- Instructions for the task
Pictures stay out of this copy; please retype only the lines from the start of the records through the line with "World strain, Israel-1998.".

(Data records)
▬▬▬▬▬▬

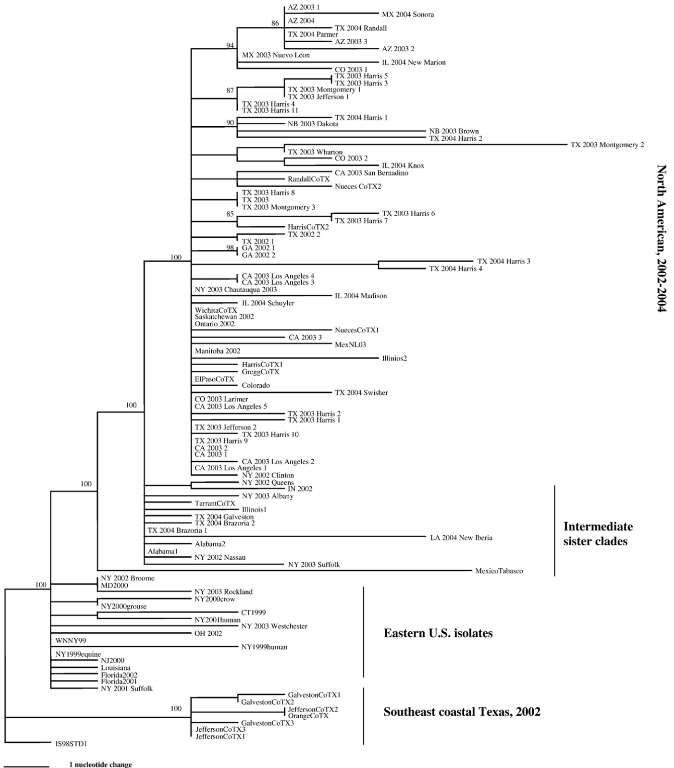
Fig. 1. Phylogenetic tree constructed by Bayesian analysis of prM and E genes (2004 ntds.) of 108 North American WNV isolates.

World strain, Israel-1998. The complete genome analysis generated a tree that also illustrates the presence of the North American 2002–2004 clade, relative to the Eastern U.S. clade and illustrates the presence of more highly resolved subclades within each of the larger clades. As was noted in the prM and E gene tree, the majority of fully
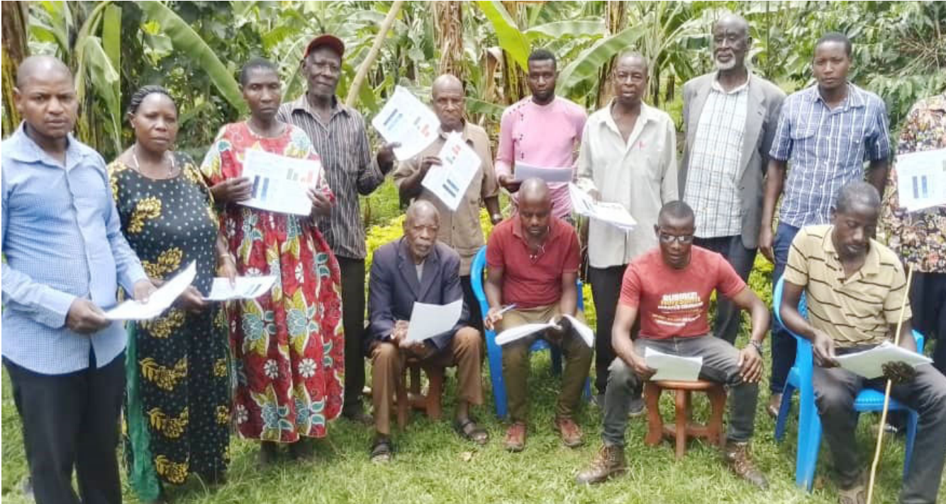
Kyaruganda cluster members after signing vouchers during the cluster meeting
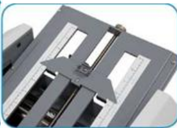
Sliding Fold Plates with Fine Tuning Knobs
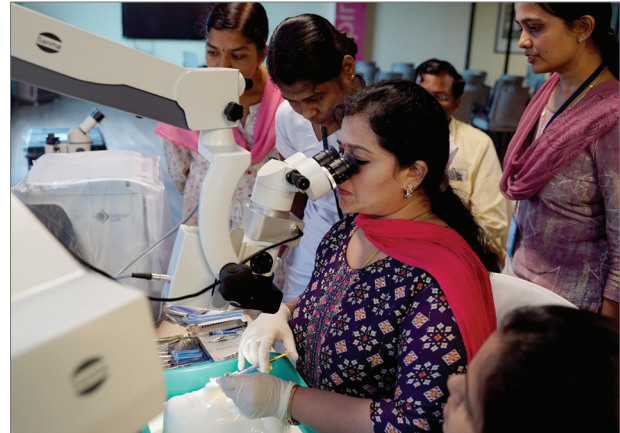
A wet lab session at the Advanced Cataract Course
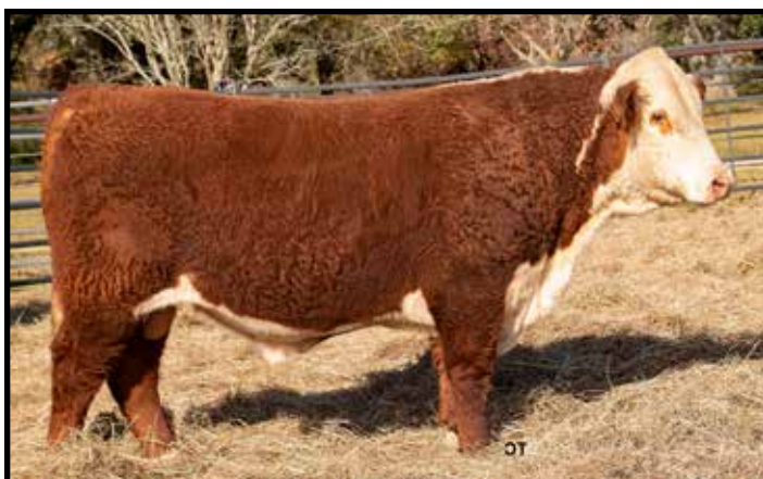
4M MR 666 VICTOR BOOMER 325

• 323 is flat out good! This horned, red legged 111 son goes back to an extremely productive 666 daughter who is truly impressing us. 323 ratioed 104 for WW. Don't overlook this guy.
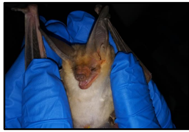
Pallid bat captured during a mist net survey on PCMS. Fort Carson is home to 18 species of bats, including the tricolored bat (a proposed endangered species),
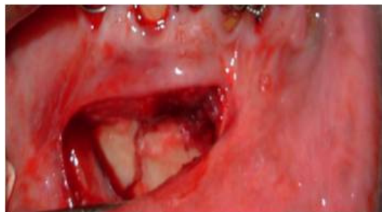
Fig 1. Fracture site

Patients in whom arch bar was put, was removed on the 2 nd postoperative day. Follow up orthopantomogram was taken at 3 months to evaluate healing process radiographically (Fig4).
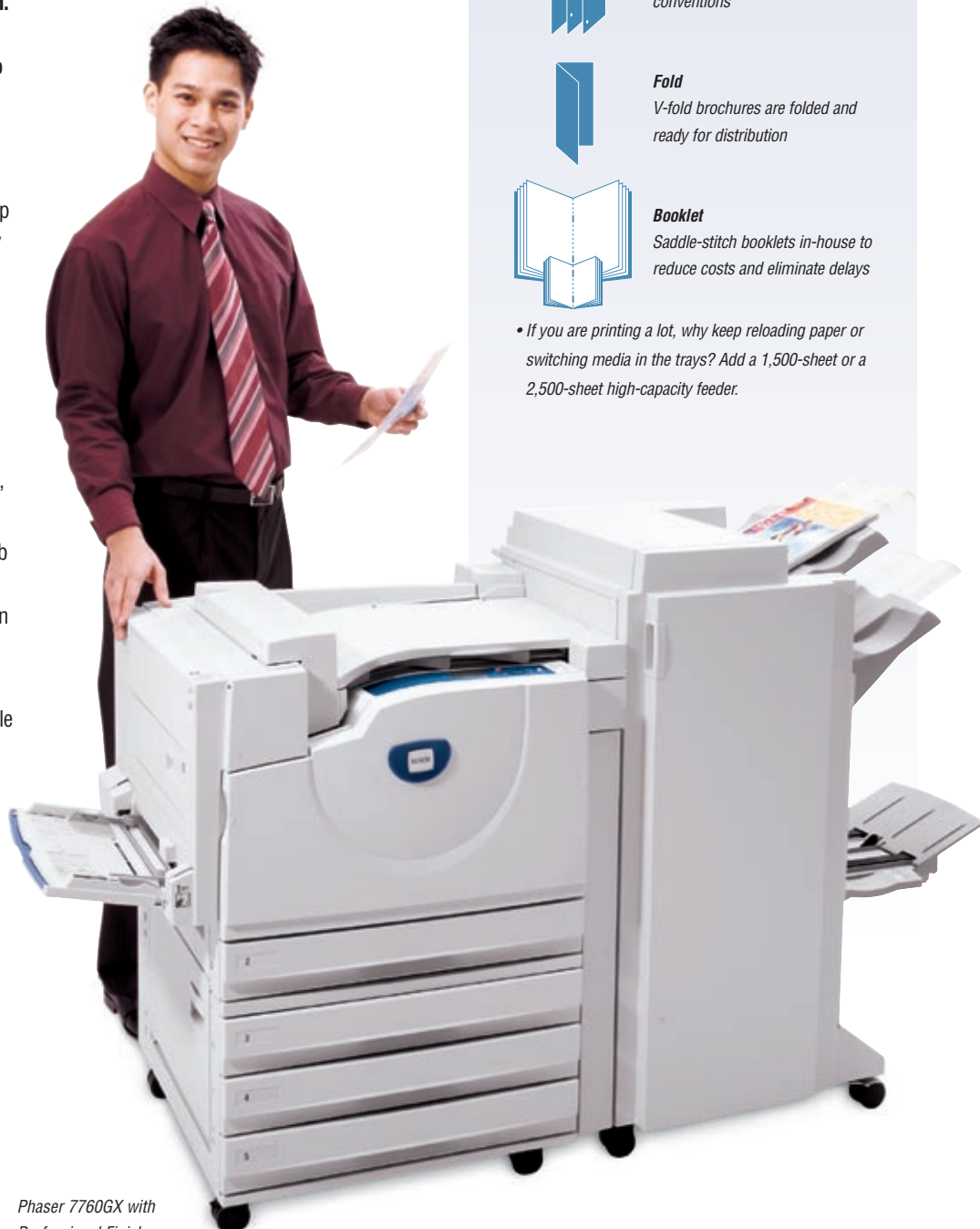
Phaser 7760GX with Professional Finisher
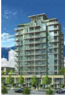
Esplanade West, North Vancouver
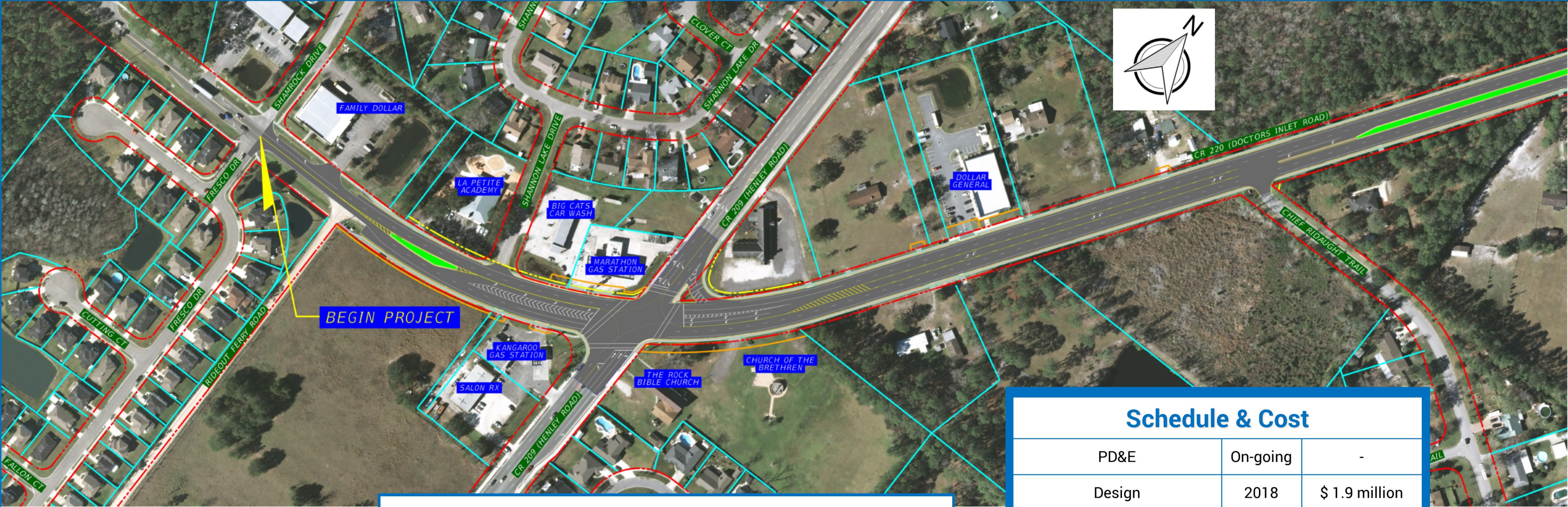
CR 220 Proposed Improvements
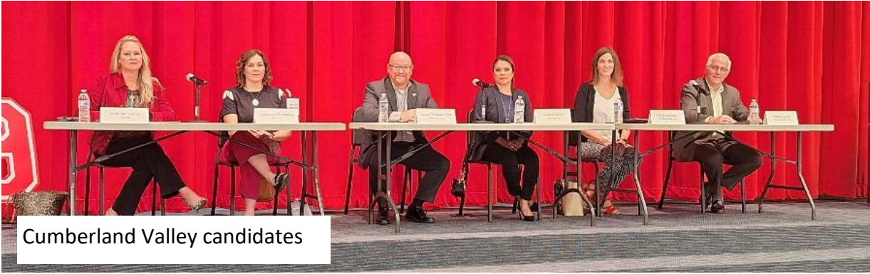
Cumberland Valley candidates
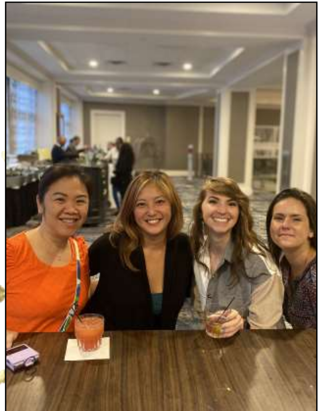
Pleasure meeting you!

▬▬▬▬▬▬

- Answer space
Fig. 1. Phylogenetic tree constructed by Bayesian analysis of prM and E genes (2004 ntds.) of 108 North American WNV isolates.

World strain, Israel-1998. The complete genome analysis generated a tree that also illustrates the presence of the North American 2002–2004 clade, relative to the Eastern U.S. clade and illustrates the presence of more highly resolved subclades within each of the larger clades. As was noted in the prM and E gene tree, the majority of fully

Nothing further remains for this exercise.